Records from a collection
=== Section Start ===

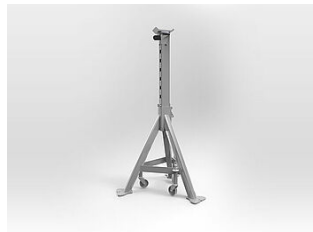
MS08LR Abstützbock, 8,2 t, 790-1270 mm
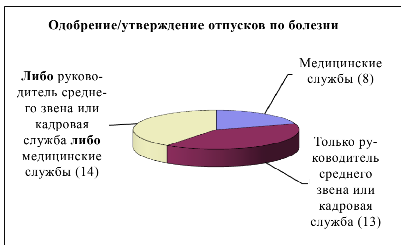
Диаграмма 2 Процесс одобрения/утверждения отпусков по болезни в организациях или органах

Руководитель среднего звена или департамент по вопросам людских ресурсов: (12/35) – ОДВЗЯИ, ЕК, ФАО, ИКАО, МФСР, МОТ, МСЭ, ОЭСР, БАПОР, ЮНВТО, ВПС, ВПП. Медицинские службы: (8/35) – ИМО, ОЗХО, ПАОЗ, ЮНЭЙДС, ЮНЕСКО, УВКБ, ЮНИДО, ВОЗ.
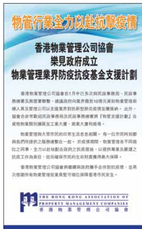
▲ 2020年4月23日於香港經濟日報協會新聞稿
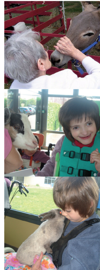
l'âne médiateur en interaction avec une résidente

Les ateliers proposés à l'extérieur sont le nourrissage des lapins, des chèvres, le brossage des chiens, le pansage de l'ânesse, de la ponette ; il est possible de promener les chiens et l'ânesse en longe, ou de suivre un parcours de maniabilité en dirigeant l'animal à travers les différents obstacles.
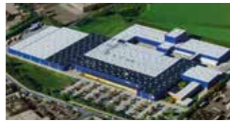
Hörmann KG Brandis, Deutschland
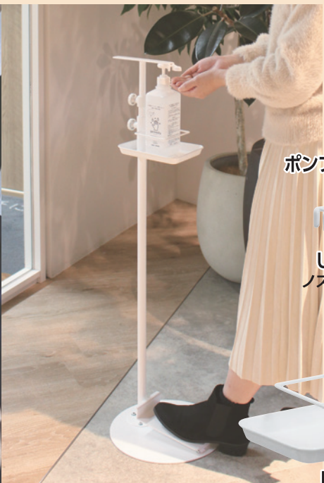
落下防止リング (内寸) W9.2×D9.2cm
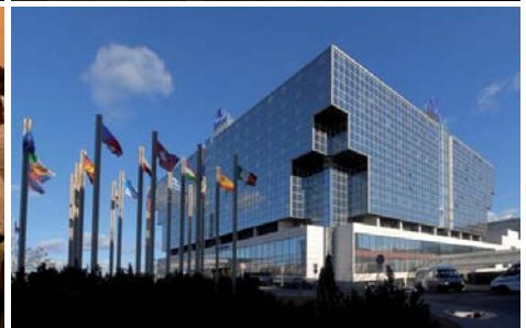
Ambassadors to Canada and the Czech Republic / Model Ambassadors to Canada and the Czech Republic
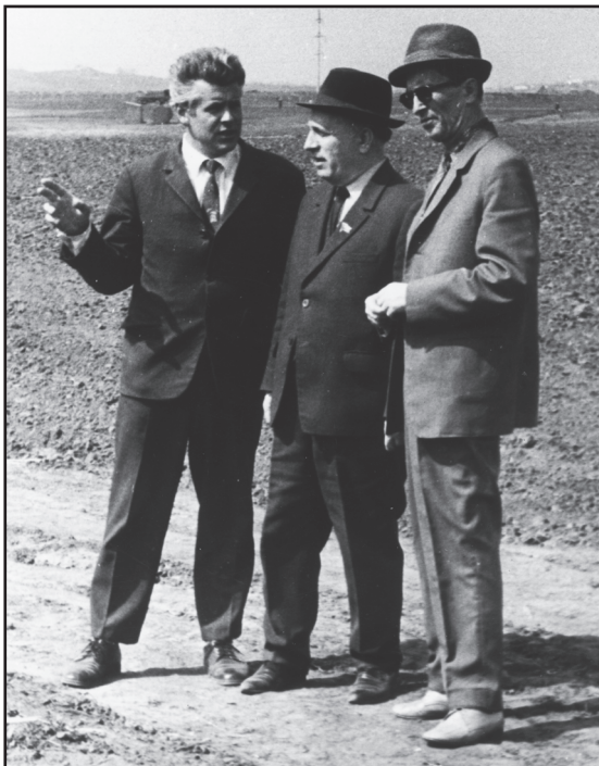
Рис. 7. Президент АН МССР со своими помощниками А. Чеботару и И.К. Вартичаном на закладке Ботанического сада. 1975 г.
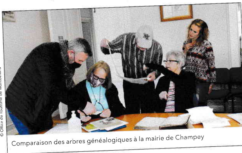
Comparaison des arbres généalogiques à la mairie de Champey

Grâce aux travaux de la Société d'émulation (SEM), des généalogistes du Centre d'entraide généalogique de Franche-Comté (CEGFC) et de la Société d'histoire et d'archéologie de l'arrondissement de Lure (SHAARL),
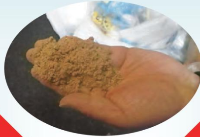
粉末状または顆粒状のもの(土など)
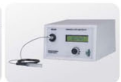
LED Cold Light Source
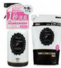
fabrush消臭スプレー (衣類・布用)
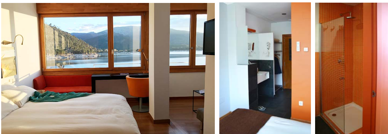
Habitación 2: habitación doble con vistas, cama doble de 1,50m, zona de estar, posibilidad de supletoria y baño con ducha. Planta baja.
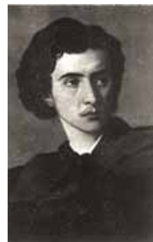
Владан Ђорђевић као лицејац (1857)

По наговору историчара Панте Срећковића, Владан је са Правног прешао на Јевтаственички (Природњачки) одсек Лицеја. За време распуста био је са пушком на Лицејској барикади близу Калемегдана, коју су лицејци подигли када је Ашир-паша почео бомбардовање Београда. Ту је одлучио да напише роман Кочина крајина , који је убрзо објавио у часопису Видовдан , да би ускоро роман био издат и као засебно издање. У роману је подстицао национална осећања код омладине и тежњу за ослобођењем. Бавио се и превођењем па је са француског превео Молијеров комад Тврдица .
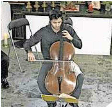
Kian Soltani begeisterte die Zuhörer
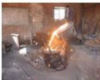
Vaciando acero fundido
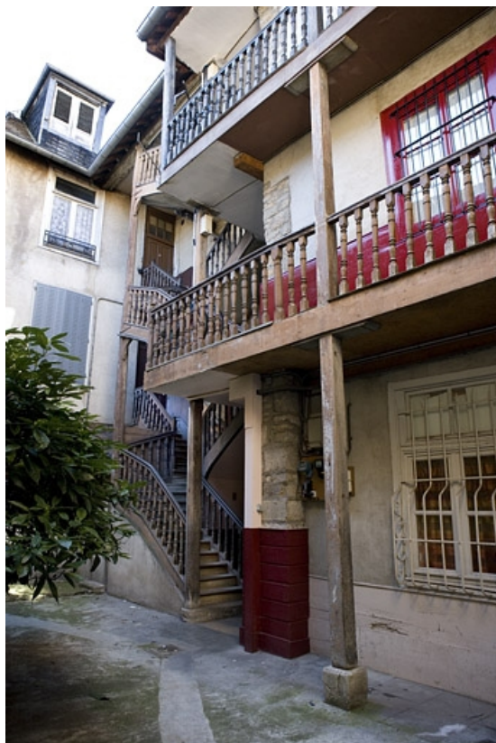
Vue d'ensemble de l'escalier à cage ouverte et des coursières depuis la cour. 25, Besançon, 53 rue Mégevand, lieudit : îlot Granvelle
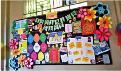
IIUC Business Club Female Chapter ওয়াল ম্যাগাজিনের উদ্বোধনী অনুষ্ঠান
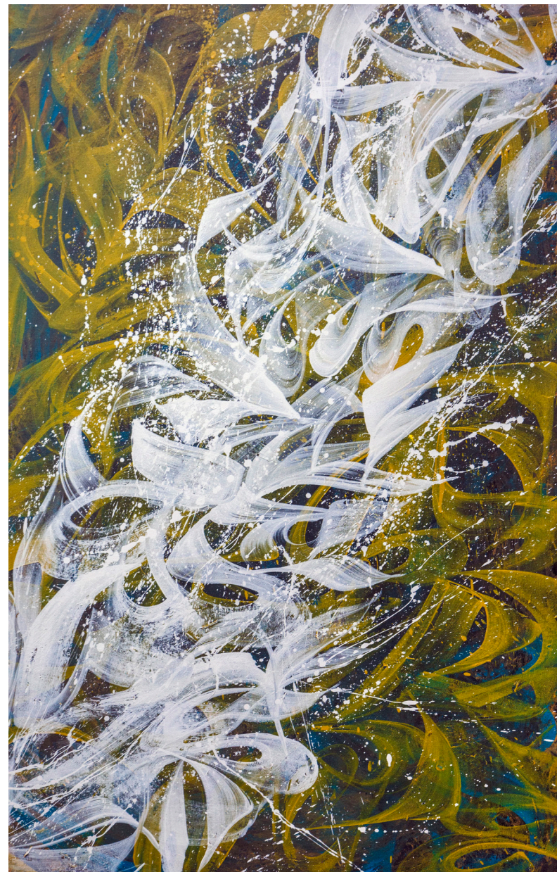
Кат. 27. Диагональный диалог

=== Section End ===

## Task description
Filter the records for the word "Владан" and show every line that has it.

## Solution to this task
Владан Ђорђевић као лицејац (1857)
По наговору историчара Панте Срећковића, Владан је са Правног прешао на Јевтаственички (Природњачки) одсек Лицеја. За време распуста био је са пушком на Лицејској барикади близу Калемегдана, коју су лицејци подигли када је Ашир-паша почео бомбардовање Београда. Ту је одлучио да напише роман Кочина крајина , који је убрзо објавио у часопису Видовдан , да би ускоро роман био издат и као засебно издање. У роману је подстицао национална осећања код омладине и тежњу за ослобођењем. Бавио се и превођењем па је са француског превео Молијеров комад Тврдица .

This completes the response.